Техника вторглась и в частную жизнь, обеспечивая новый уровень комфортности жилищ — этот процесс стал особенно активным в 1860-е гг. Технизация быта не ограничивалась внедрением новых устройств — водопровода, канализации, центрального отопления, газовых плит, холодильников. Используя методы организации производства, американка Кетрин Бичер совершенствовала устройство кухни (1869). Она определила ее основные рабочие центры и их рациональное расположение, сводя к минимуму пространство и необходимые движения хозяйки. Тем самым была заложена основа методов рациональной организации компактного жилища. Разработанная американским инженером Ф.У. Тейлором на рубеже XIX и XX вв. система организации труда и управления производством, основанная на расчленении процесса на операции и их рациональной последовательности в пространстве и во времени, открывала возможность практического приложения технократических процедур к формированию архитектурных объектов.
Перспектива наиболее принципиальных изменений заключалась, однако, в прямом перенесении индустриальных методов на строительство. Машинное производство становилось эффективным, когда создавало крупными тиражами унифицированные стандартные элементы, из которых затем собирались объекты. Подобный принцип образования объекта — на основе повторения обезличенных и равноценных взаимозаменяемых элементов — был несовместим с классическими концепциями архитектурной композиции, основанными на органической целостности систем и иерархическом соподчинении их индивидуализированных частей. Но в городах «промышленного века» уже появлялись типы здании, структуре которых соответствовали именно повторность стандартных, модульных величин и равноценность несоподчиненных частей — доходные дома, образованные множеством независимых жилищ, офисы, гостиницы, формируемые из стандартных ячеек, многие типы производственных построек.

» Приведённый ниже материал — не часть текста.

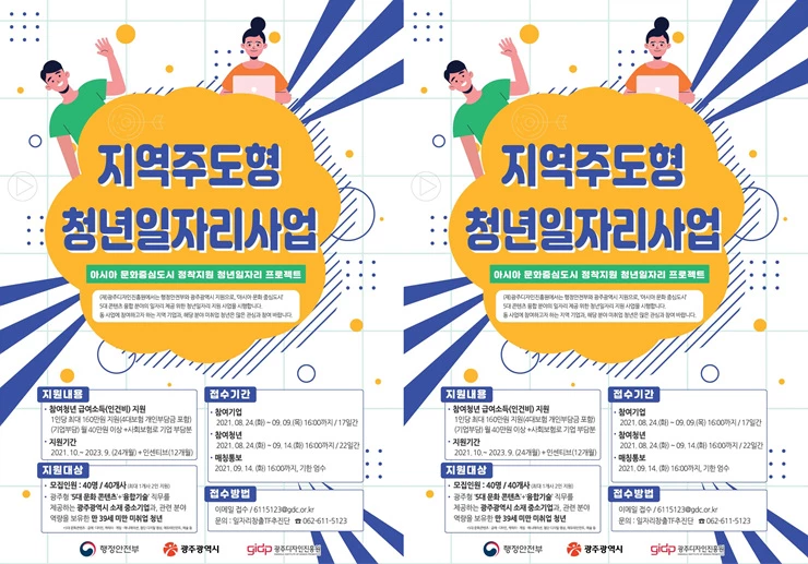 행정안전부와 광주광역시가 지원하는‘2021년도 지역주도형 청년 일자리 사업’일환으로 추진되는 이 사업은 공예․디자인 등 5대 문화콘텐츠 분야의 청년 고용 지원과 기업 육성, 지역 문화콘텐츠산업 활성화를 위한 것이다.

Только угроза сорвать первую Всемирную выставку 1851 г. в Лондоне из-за нехватки времени для строительства экспозиционного здания побудила устроителей принять казавшуюся парадоксальной идею садовника Пекстона — смонтировать «Хрустальный дворец» из крупных стандартных элементов, которые заготавливались на заводах. Антимонументальность прозрачного, сверкающего на солнце металлостеклянного здания увиделась Н.Г. Чернышевскому как образ города утопического будущего. Но главная новация — использование индустриальной техники и промышленного менеджмента для крупномасштабной стройки — не была осознана современниками. А между тем она открывала возможность решать проблемы, связанные с новым принципиально важным тогда явлением — формированием массового общества. Время осознания этих проблем — даже в плоскости утопической — еще не наступило.